A new mouse model developed by Harvard Medical School researchers and reported in the October 30 Neuron may allow scientists for the first time to spotlight two key proteins in a living animal and see how they contribute to the neuronal death and atrophy found in neurodegenerative diseases. The two proteins are dubbed p25 and cyclin-dependent kinase 5 (Cdk5).
“This is an excellent animal model for any therapeutic approach toward p25 and its link to Alzheimer’s and similar neurodegenerative diseases,” says Li-Huei Tsai, HMS professor of pathology and Howard Hughes Medical Institute associate investigator, the study’s lead author. “We know that p25 causes neurodegeneration, and we want to figure out how that mechanism works.”

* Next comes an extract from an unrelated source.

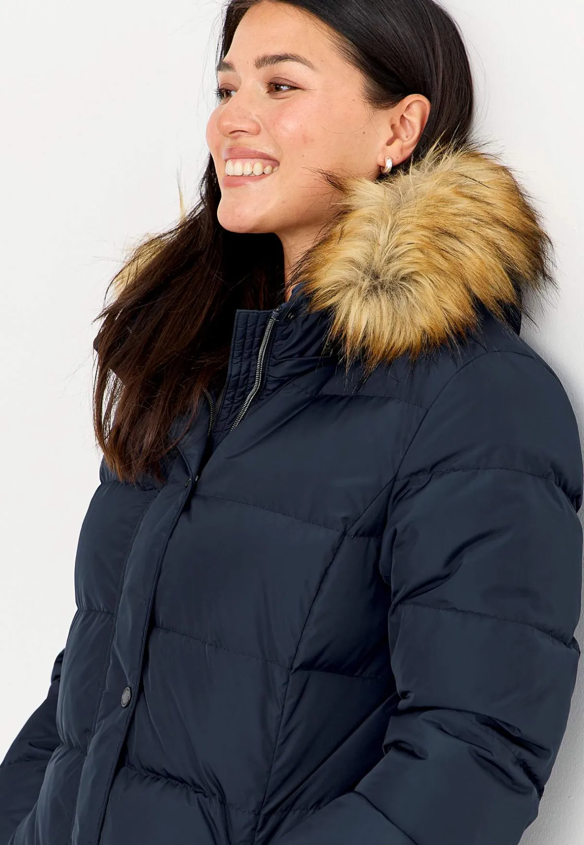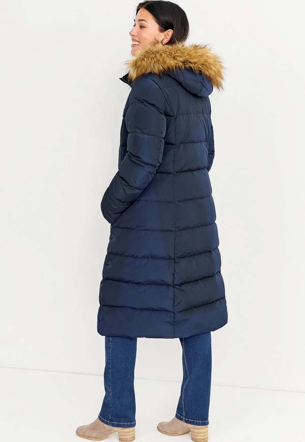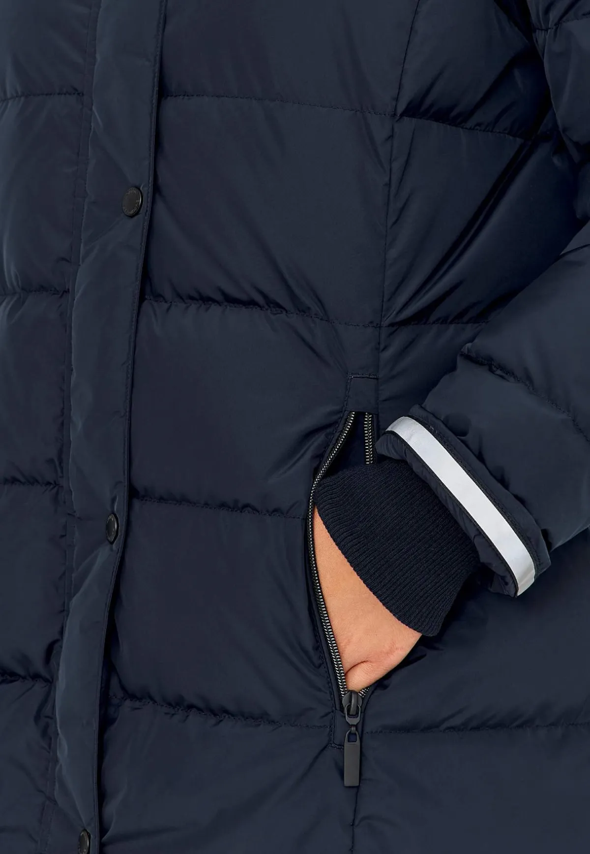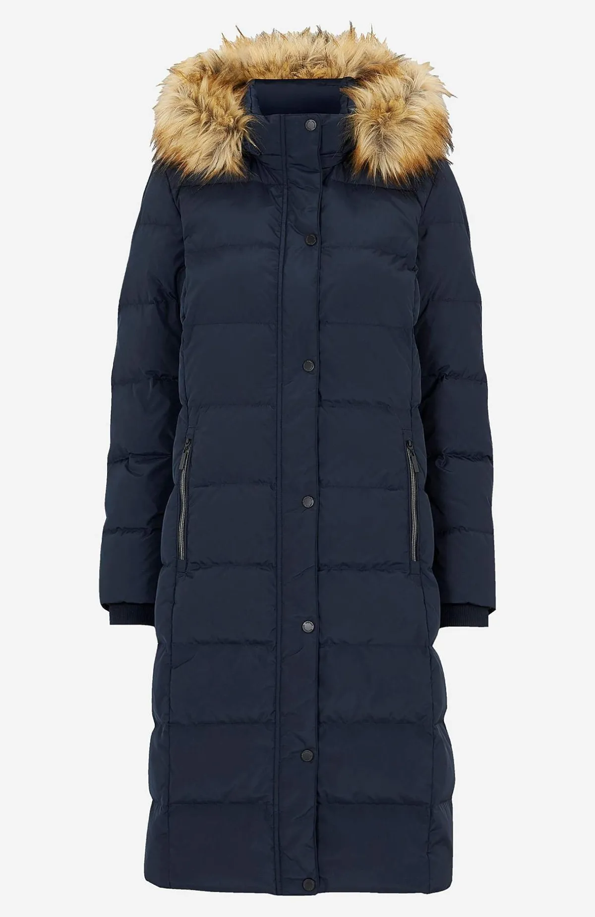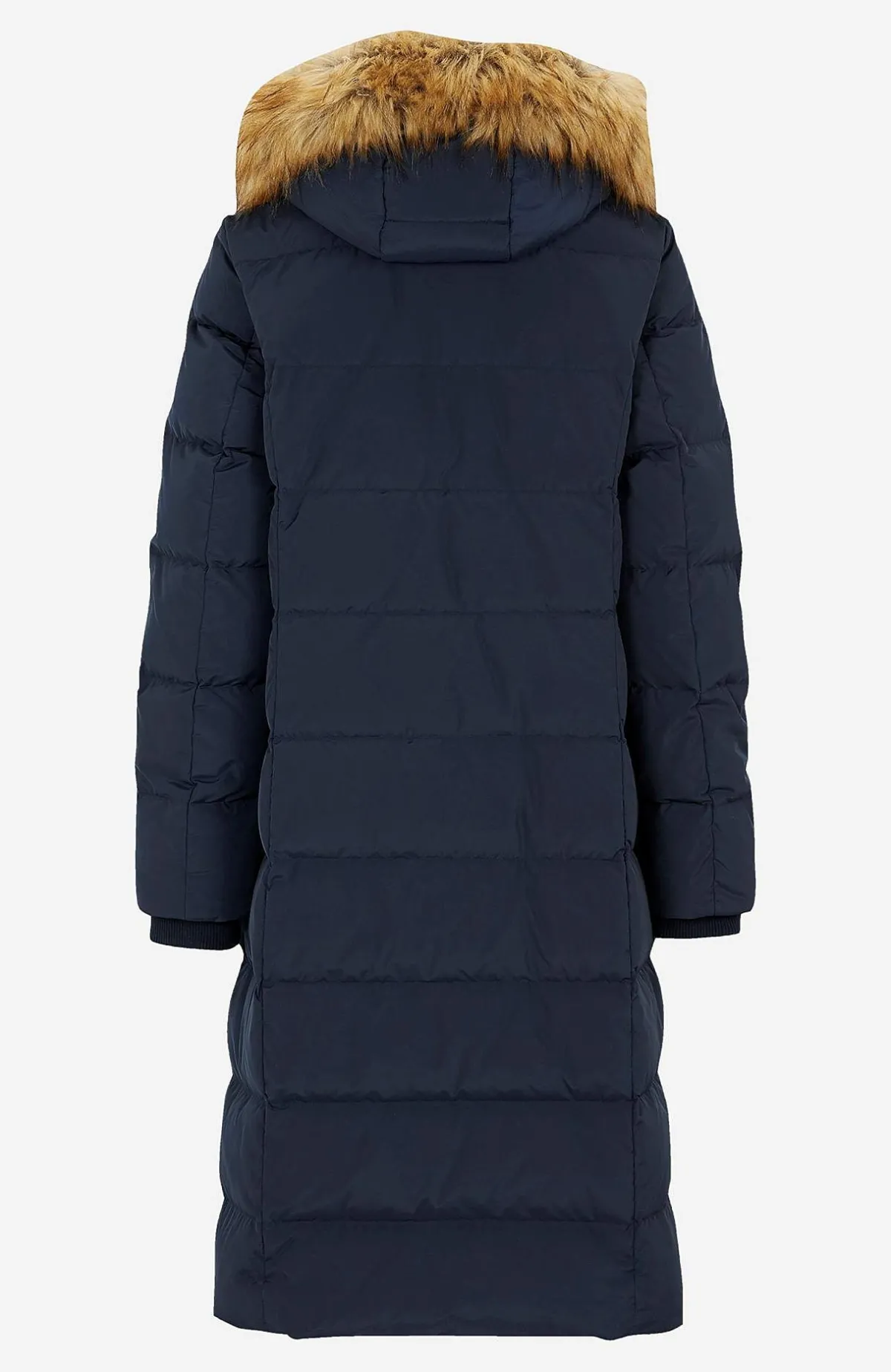 Kviltad dunkappa i härligt lång och varmfodrad modell. Stilsäker kappa med avtagbar huva med dragsko samt stopper och avtagbar pälsimitation. 2-vägsdragkedja med skyddande vindslå som har tryckknappar. Fickor med dragkedja. Uppvikbara ärmslut med reflexdetalj på insidan. Mudd i ärmslut. Innerficka. Rygglängden följer storleken ca 106-122 cm.

The new model is the latest in Cdk5 research from the lab of Li-Huei Tsai. Over the past nine years, Tsai and her colleagues have defined many of Cdk5’s functions and noted the role its usual regulator p35 plays in orienting neuronal migration and growth. Their latest challenge is deciphering how Cdk5 and the pernicious regulator p25 lead to neurodegenerative diseases.
The protein p25 is usually not found in healthy brains, but is formed when a stroke or another oxygen-restricting event cuts p35—a beneficial protein found in healthy brains—to form p25, starting a domino effect that leads to neuronal death and malformation. Once present, p25 activates Cdk5 and alters its normally constructive behavior to kill neurons. To make matters worse, p25 is longer-lived than p35, so it accumulates in the brain and continues to keep Cdk5 active. Overactive Cdk5 and accumulated p25 have been noted in the brain tissue of people with the neurodegenerative diseases Alzheimer’s and Niemann–Pick type C. But the lack of a mouse model prevented researchers from demonstrating in vivo the effects of Cdk5 and p25 in the brain.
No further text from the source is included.